Red Sea Shipping Crisis Fueling ‘Sticky’ Inflation

Core Insights:

  • The impact of Red Sea tensions on global inflation appears understated.
  • Container shipping rates are climbing toward their pandemic-level highs.
  • Geopolitical risk posed by Houthis and other ‘bad actors’ in the MENA region likely to increase over medium-term.

 

Summary

Post-pandemic inflation left economic scarring throughout the Western world in the form of cost-of-living crises and mounting debt concerns. Now policymakers are eager to turn the page and return to the low-rate environment of recent history, with two examples being the Bank of Canada and the European Central Bank, both of which have recently signaled a new easing cycle by cutting rates by 25 basis points. But has the global economy actually succeeded in putting the inflation genie back in the bottle, or will geopolitical instability thwart a return to business-as-usual? This article will seek out an answer by exploring one source of near-term inflation – global shipping costs – which are spiking in the wake of the Red Sea shipping crisis.

 

Impact

Red Sea Shipping Crisis

The Red Sea shipping crisis continues to ripple throughout global supply chains.
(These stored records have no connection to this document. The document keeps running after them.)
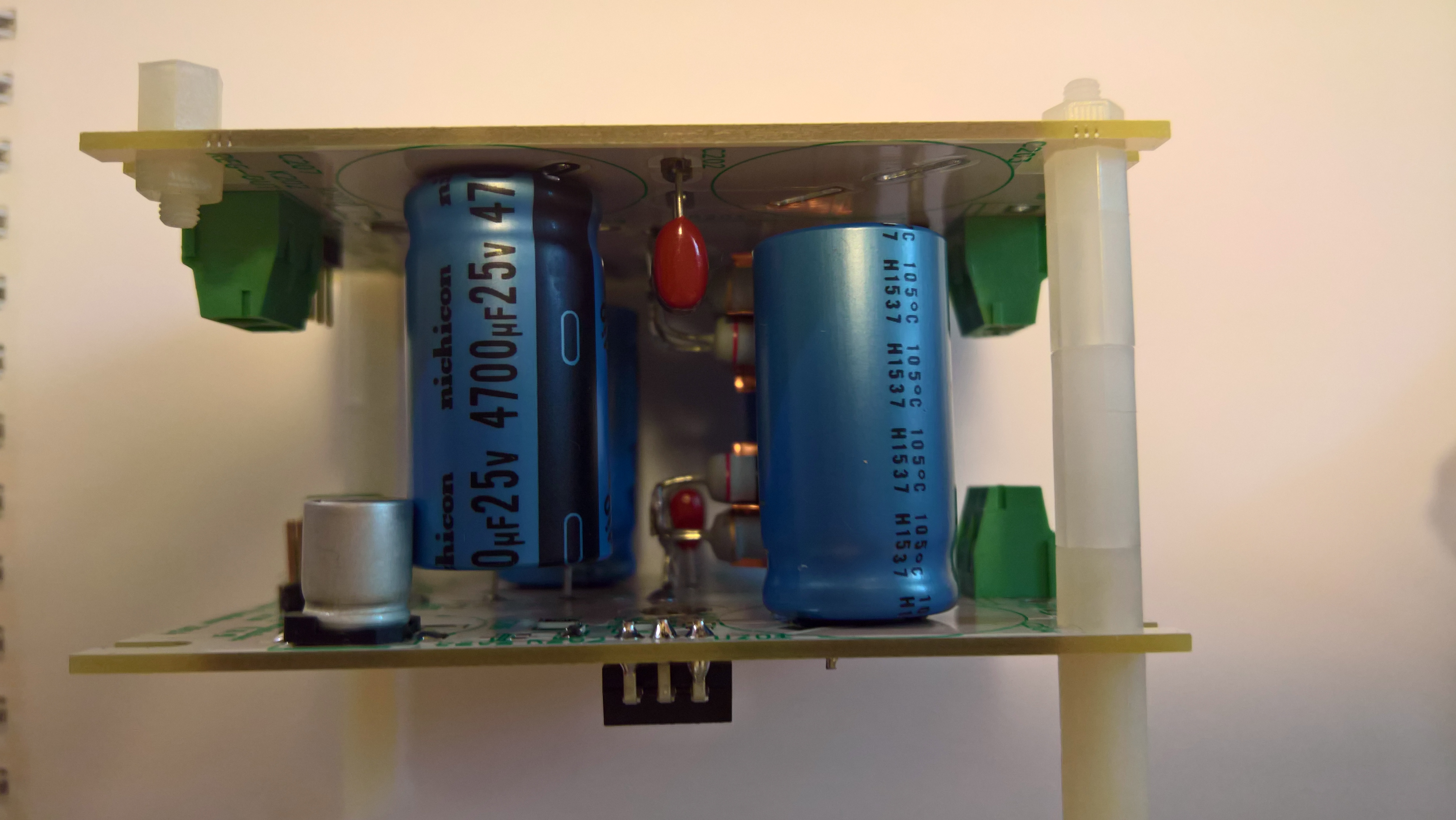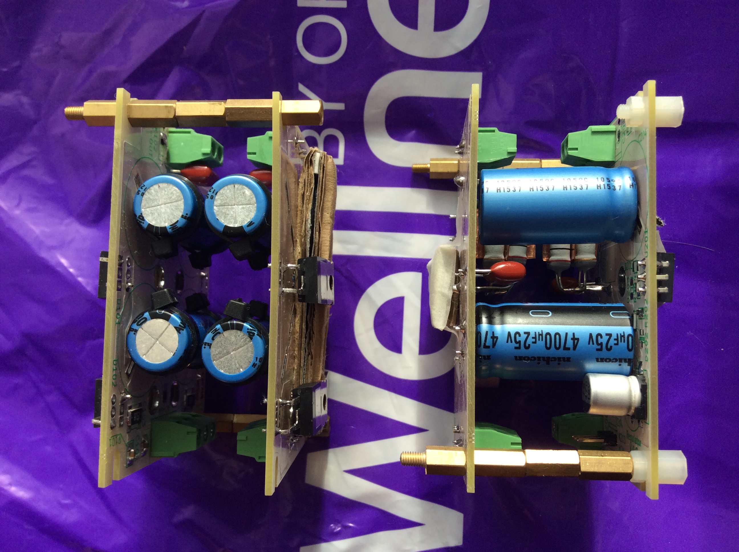 Можно и 30 мм в стабе оставить. Более компактно, к чему мы собственно и стремились. Первоначально смутило, что конденсаторы ( голубой 4700 uf 25V и SMD ) касаются. Потом присмотрелся. В версии с раздвижкой плат на 40 мм они так же касаются. Подумалось- 4V не тот случай, что бы беспокоиться за пробой? В крайнем случае слоем тефлоновой плёнки можно подстраховаться, не безопасности ради, а спокойствия для!
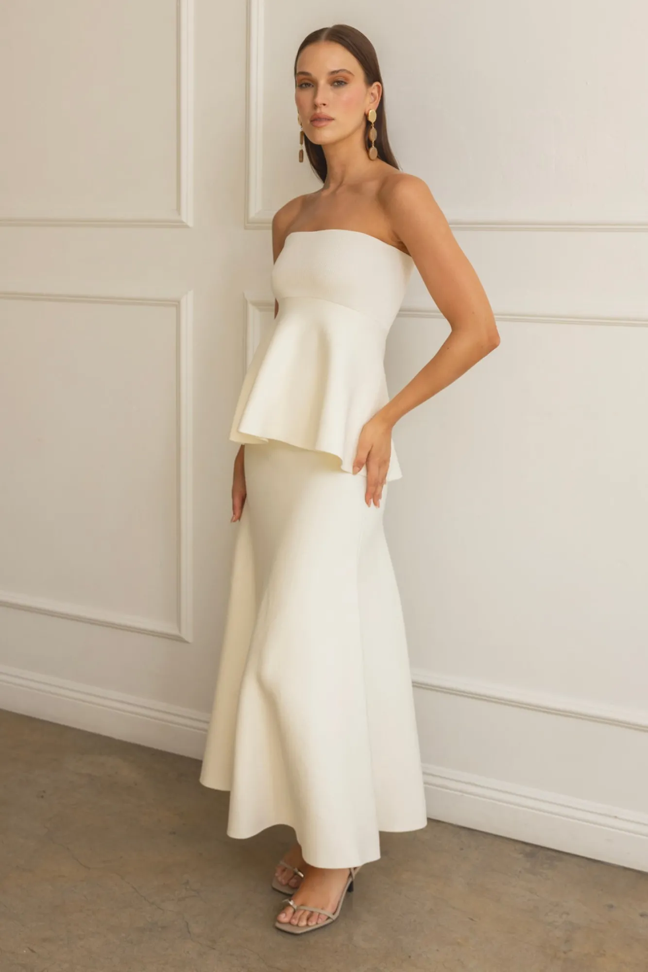 – Mid-weight rib knit sweater fabric- Strapless- Sleeveless- Peplum design- Pullover design, no closureModel measurement…
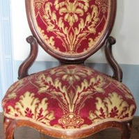 - Butaca Isabelina de mediados do XIX en madeira de caoba con tapizado en tea de veludo en tons granates e ocres con motivos vexetais, respaldo ovalado e patas cabriolé.
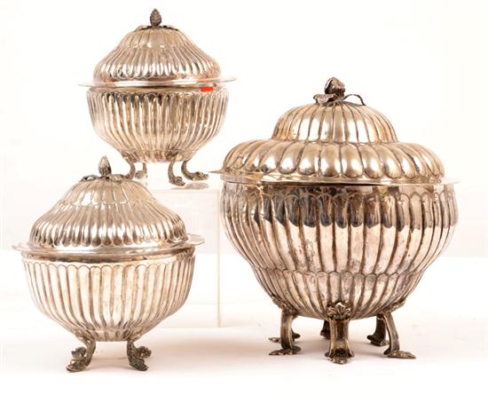 A SET OF THREE SILVER PLATED FOOTED TUREENS
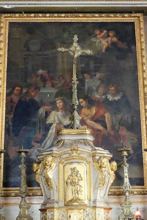 Ce tableau garnit le retable du maître-autel de la chapelle de l'hôpital Saint-Louis.
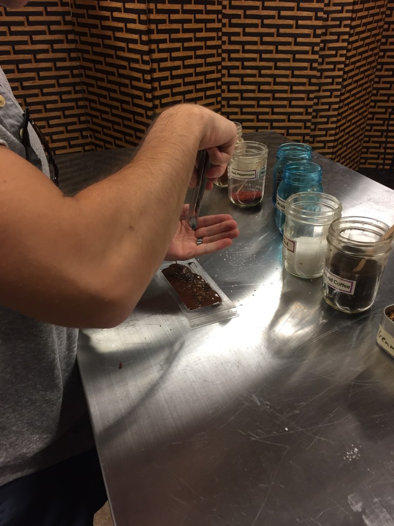 IMG_4369 Published July 15, 2018 at 2448 × 3264 in Madre Chocolate Josh adding coffee, cinnamon, and salt to his chocolate.
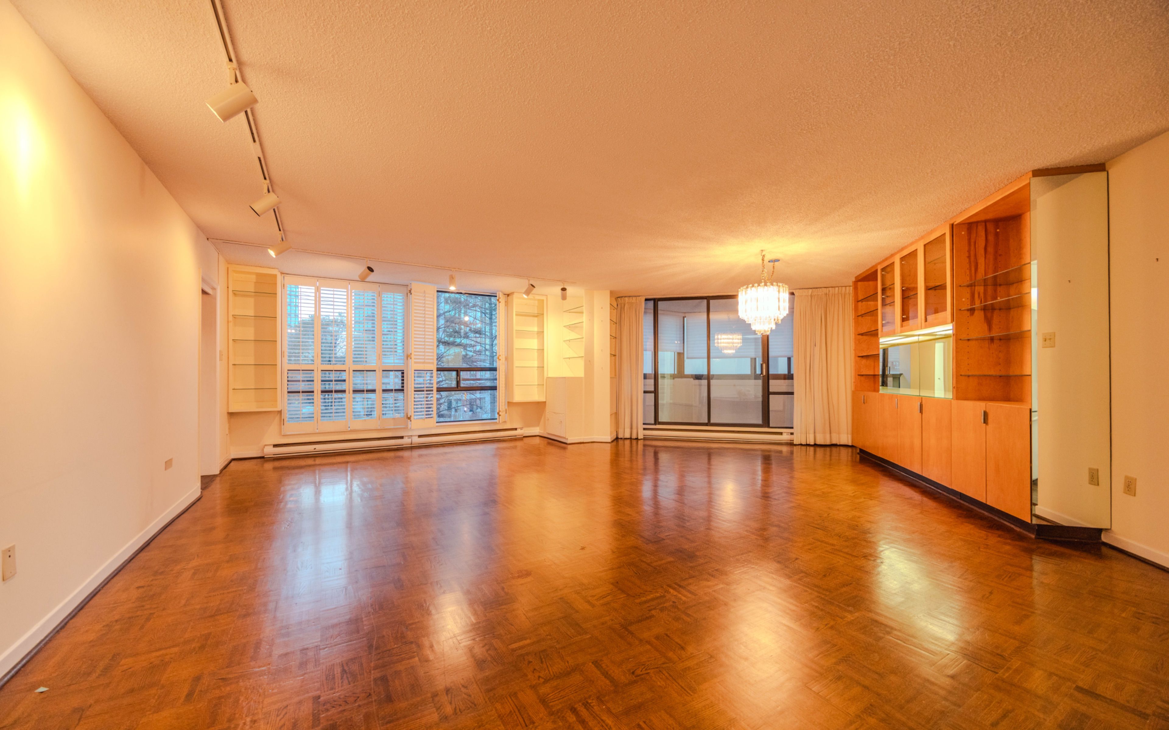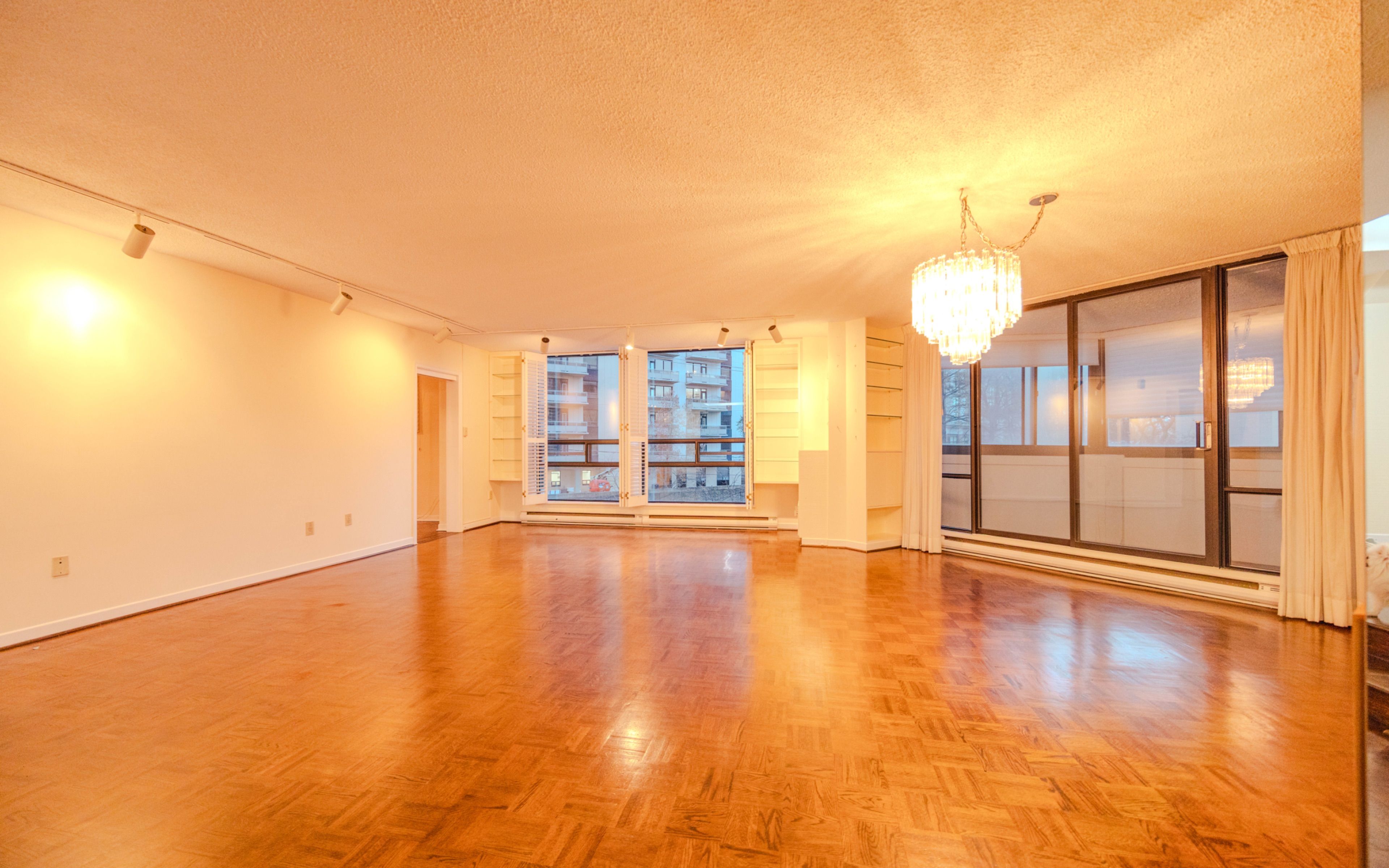 • Open-concept living area with floor-to-ceiling windows and balcony access.
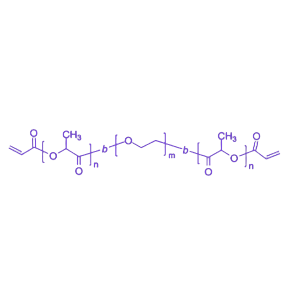 Acryl-PLA-PEO-PLA-Acryl 是一种可聚合型三嵌段共聚物,分子结构以 ABA 型 PLA-PEO-PLA 为主链,两端修饰丙烯酸基(Acrylate),兼具生物可降解性、良好水化能力及可交联性,可构建稳定的水凝胶、薄膜、纳米网络或可植入材料,广泛适用于药物递送、组织工程与智能响应材料领域。
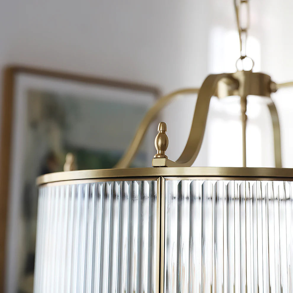 Elevate your space with the Lambeth Glass Chandelier, designed to impart a refined and timeless charm. Its ribbed glass panels catch the light beautifully, enhanced by an gold finish that radiates warmth. Adjustable chain and gold cable provide flexible installation options, making it perfect for stairwells, hallways, dining rooms, or living areas.
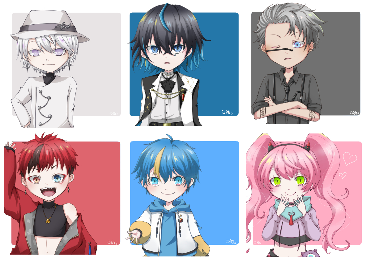 1人1人バラバラで描いたので統一感ないけどとりあえず6人描けたから合体させてみたよ~ #テクノロイド_FA #テクノロイド創作班
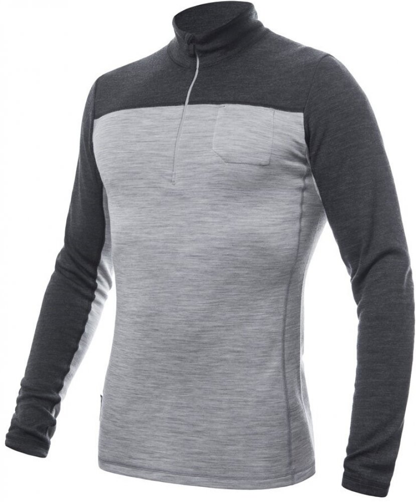 Sensor šedá s dlouhým rukávem na lyže / snowboard regular fit 100% merino vlna s rolákem
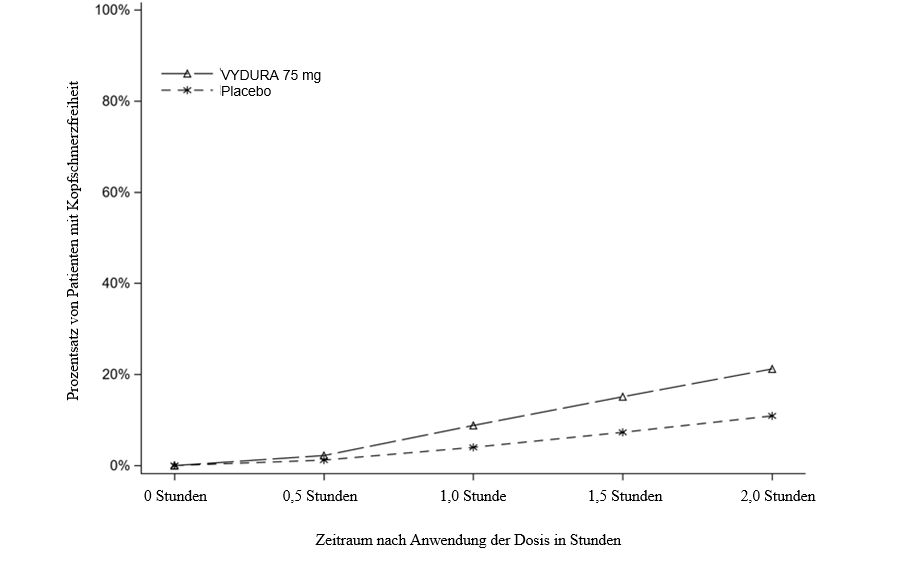 In allen 3 Studien war die Inzidenz von Photophobie und Phonophobie 2 Stunden nach der Einnahme von VYDURA 75 mg im Vergleich zu Placebo reduziert.
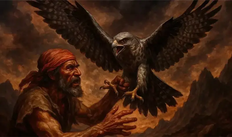 بينما هو سائر وجد راعيًا عند إبله، فسأله عن طيره، وإن كان قد رآه، فقال له الراعي إنه رأي طيران يتقاتلان أسفل الشجرة، فقرعهما بعصاه وذبحهما، وهما على النار ينتظر شواءهما، فعندما سمع صاحب الصقر هذا الكلام، أصيب بالحزن وانفجر في الراعي قائلا: "ماذا فعلت، أتشوي الصقر إنه لا يؤكل"، فما كان من الراعي إلا أن قال له: "صقر أو غيره كلها طيور"، فأطلق الرجل هذا المثل في الراعي قائلًا: اللي ما يعرف الصقر يشويه.
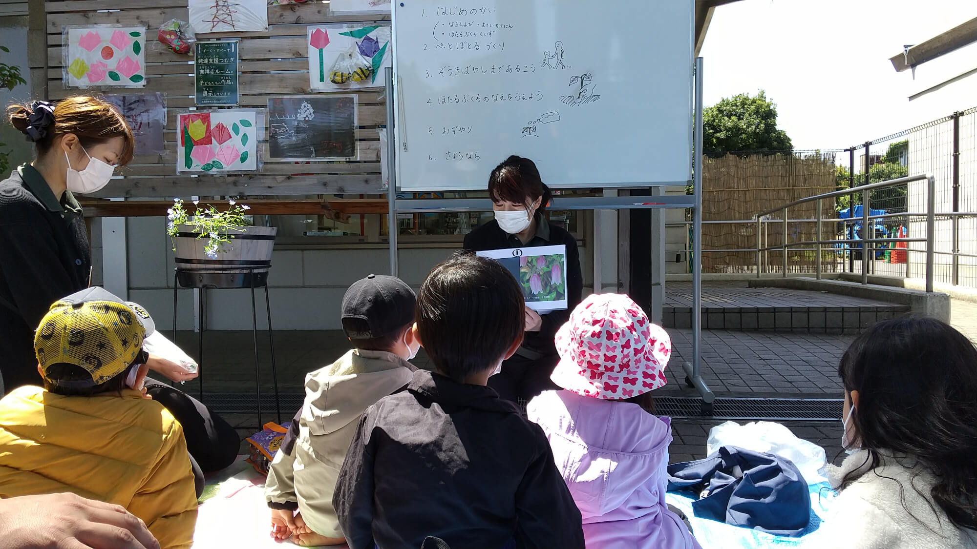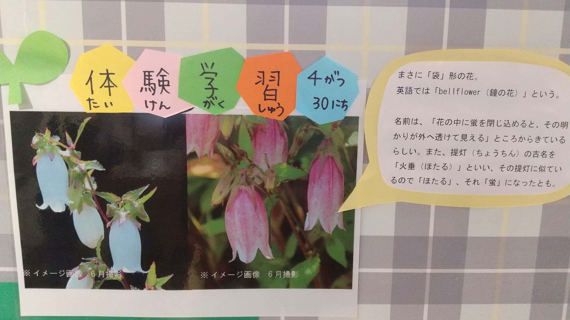という声が聞こえましたが、すぐにパネルを用意し「ほたるぶくろの花はどれかな?」「名前の由来は?」などのクイズを出すと子どもたちの目がキラリと光り、注目が集まります。どんな花なのかを一緒に調べ、知っていくことで植物に関心を持つことや身近に感じることができますね。

The Suez Canal, a shipping choke point that typically accounts for around 30% of global container traffic, has seen traffic drop by a remarkable 80% since the Gaza War broke out in November of 2023. Asian shippers are instead opting for the safety of rounding the Cape of Good Hope en route to Europe, extending freight times by up to 30%. Longer journeys are being reflected in higher container freight costs, which are now climbing toward pandemic-era highs. These costs will ultimately be borne by consumers, though there’s disagreement over to what extent, with estimates ranging from 0.3% to 2% in increased goods inflation. The takeaway here is that elevated shipping costs will generate upward price pressure so long as Red Sea routes remain threatened. According to Nora Szentivanyi of JP Morgan: “… even a modest rebound in goods inflation could render global core CPI inflation sticky around the 3% mark.” This is a significant number given the stated inflation target of 2% across much of the Western world, even more so given the increased political weight attributed to cost-of-living concerns by voters in major economies like France, the United States, and Canada.